Makes sense in a game like Muramasa but otherwise I feel it has no place in gaming as well. It was also the worst thing about Witcher 3 btw.

How? It takes ages for weapons to decay in TW3 if you're playing correctly. It's also very cheap to fix and there are tons of repair kits to find. You shouldn't have any trouble with that unless maybe if you're still in White Orchard.
 
I like it. I'm very mechanical and in my mind every tool is subject to wear and eventual uselessness. I only wish games would get into what types of wear more. I may be incorrect, but I remember demos souls imparting wear on your weapon when striking walls, which would be a graceful way to expand on weapon-wear mechanics.

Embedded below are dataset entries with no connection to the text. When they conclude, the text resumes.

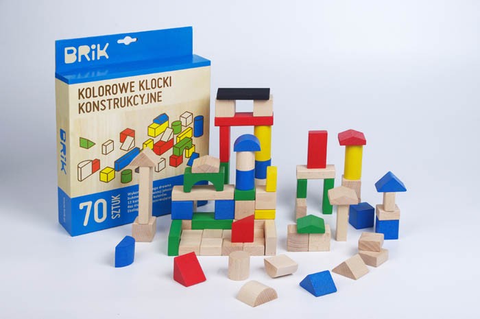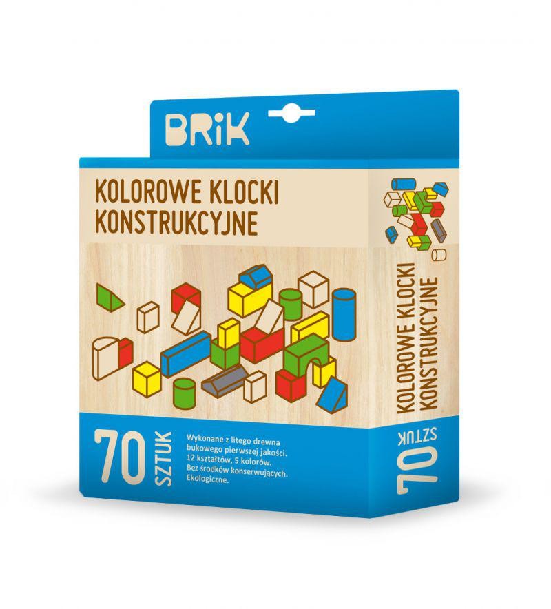 Kolorowe drewniane klocki konstrukcyjne firmy BRIK, w zestawie znajduje się 70sztuk drewnianych klocków o 12 różnych kształtach (wśród nich unikalny drewniany klocek daszek). Drewniane Klocki BRIK są malowane ręcznie w 5 różnych kolorach.
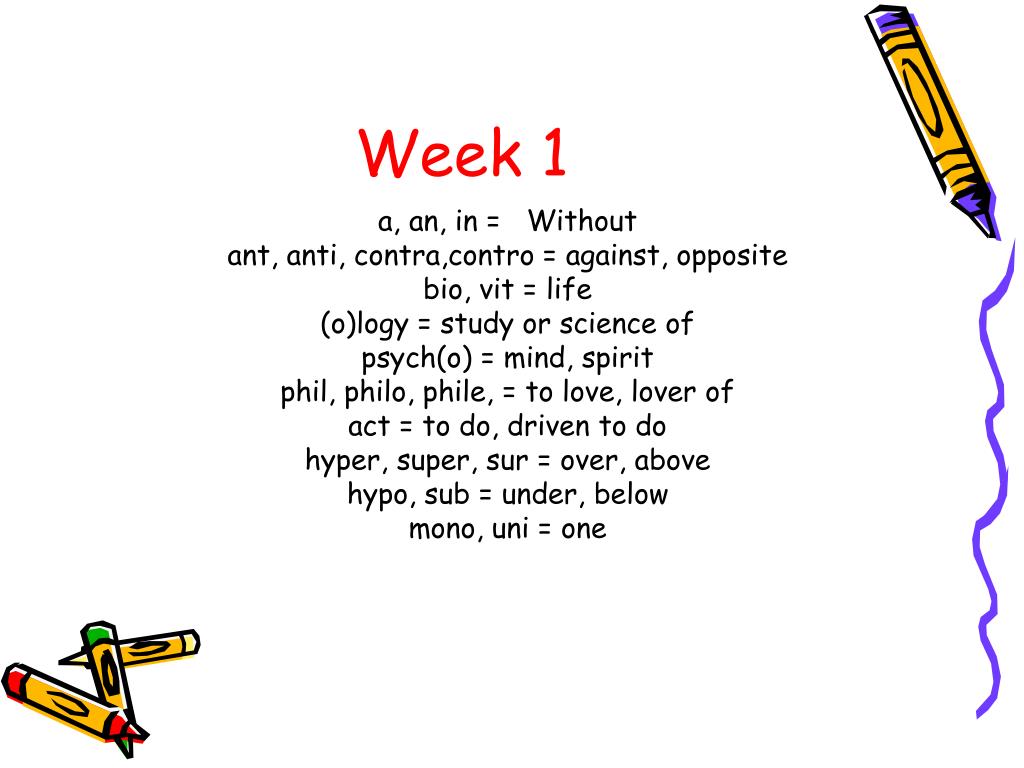 Week 1 a, an, in = Without ant, anti, contra,contro = against, opposite bio, vit = life (o)logy = study or science of psych(o) = mind, spirit phil, philo, phile, = to love, lover of act = to do, driven to do hyper, super, sur = over, above hypo, sub = under, below mono, uni = one
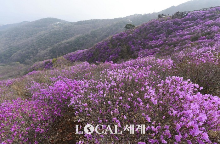 ▲강화도 고려산 능선에 활짝 핀 진달래꽃. |

Irl, a good tool can wear very long when used for one purpose but break quickly when used for other purposes. So imagine a game where you could pry open doors and such with your sword at the risk of breaking the blade.

Some game do this mechanic poorly, but overall I like it.
 
It's not inherently bad, in most RPGs it's just a distraction but in Monster Hunter it's an important part of the battle system.
 
Made sense in Fallout 3&NV because maintaining weapons was a bigger deal. You could make your weapon better by repairing it to a better condition, but you need the parts from other weapons. It was also handy for getting around encumberance and maintaining the value of having weapons in your inventory by combining them.

It's really not a bad mechanic if used right.
 
It's almost never a good idea.

Only time I kinda liked it was in Fallout 3, since having to maintain weapons seemed to fit the post-apocalypse role play.

That said, I didn't exactly miss it in Fallout 4.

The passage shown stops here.